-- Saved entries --
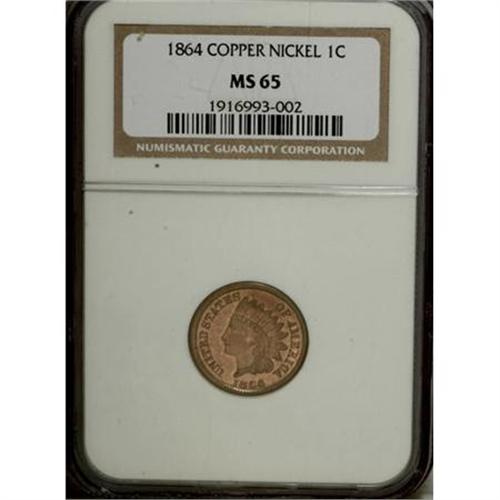 <B>1864 1C Copper-Nickel MS65 NGC.</B></I> Pale salmon shadings visit the obverse, while the reverse assumes slightly deeper copper-orange coloration. Well struck and carefully preserved, an attractive Gem example of the final copper-nickel cent issue. NGC has graded 14 finer pieces (1/08).<BR><BR><B>Coin Engraver:</B> James B. Longacre<BR><BR><b>Shipping:</b> Coins & Currency (<a target="_blank" href="http://www.heritageauctions.com/common/shipping.php">view shipping information</a>)
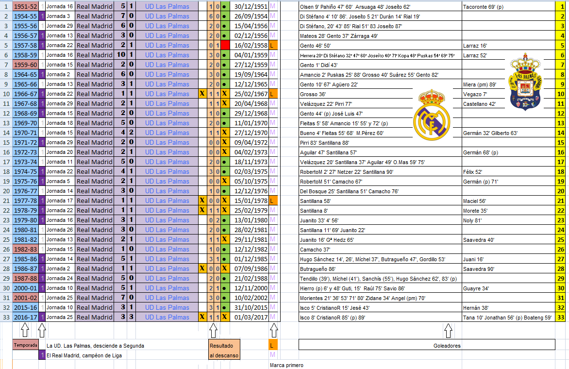 El Real Madrid ha ganado 28 veces de las 33 que se enfrentó a la UD. Las Palmas en el Bernabéu en Liga. Los cuatro primeros empates fueron con el mismo marcador: 1-1. Y el año pasado, trepidante 3-3. Las cinco veces que los canarios han puntuado en Chamartín, los blancos fueron campeones. Solo una vez llegaron los visitantes ganando al descanso (remontó 2-1 en la 57-58) y solo tres veces se adelantaron los canarios en el marcador. 2-1 es el resultado que más veces (cinco) se ha repetido.
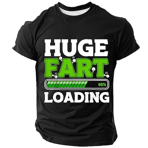 Maglietta Grafica da Uomo Maniche Corte Divertente 'Grandi Scoregge in Caricamento 95%' Umorismo e Gioco di Parole
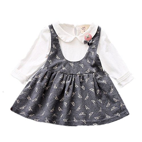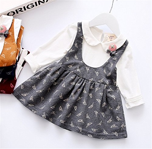 Candykids キッズ 女の子 女児 長袖 ワンピース フォーマル 丸襟 フレア スカート 発表会 結婚式 入学式 入園式 卒園式 卒業式 プリンセス お嬢様 キュート (80cm, グレー)
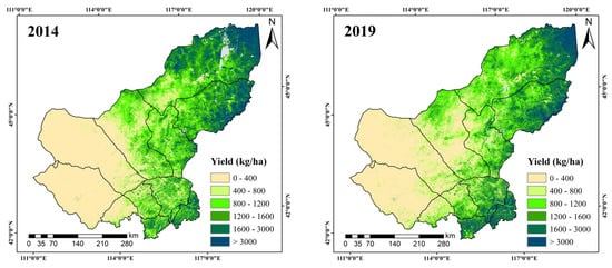 Spatial distributions of pasture yield in the Xilingol grassland for 2014 and 2019.

-- What is expected --
Your answer must be the records above, word for word, with every picture left out.

-- Answer box --
 <B>1864 1C Copper-Nickel MS65 NGC.</B></I> Pale salmon shadings visit the obverse, while the reverse assumes slightly deeper copper-orange coloration. Well struck and carefully preserved, an attractive Gem example of the final copper-nickel cent issue. NGC has graded 14 finer pieces (1/08).<BR><BR><B>Coin Engraver:</B> James B. Longacre<BR><BR><b>Shipping:</b> Coins & Currency (<a target="_blank" href="http://www.heritageauctions.com/common/shipping.php">view shipping information</a>)
 El Real Madrid ha ganado 28 veces de las 33 que se enfrentó a la UD. Las Palmas en el Bernabéu en Liga. Los cuatro primeros empates fueron con el mismo marcador: 1-1. Y el año pasado, trepidante 3-3. Las cinco veces que los canarios han puntuado en Chamartín, los blancos fueron campeones. Solo una vez llegaron los visitantes ganando al descanso (remontó 2-1 en la 57-58) y solo tres veces se adelantaron los canarios en el marcador. 2-1 es el resultado que más veces (cinco) se ha repetido.
 Maglietta Grafica da Uomo Maniche Corte Divertente 'Grandi Scoregge in Caricamento 95%' Umorismo e Gioco di Parole
 Candykids キッズ 女の子 女児 長袖 ワンピース フォーマル 丸襟 フレア スカート 発表会 結婚式 入学式 入園式 卒園式 卒業式 プリンセス お嬢様 キュート (80cm, グレー)
 Spatial distributions of pasture yield in the Xilingol grassland for 2014 and 2019.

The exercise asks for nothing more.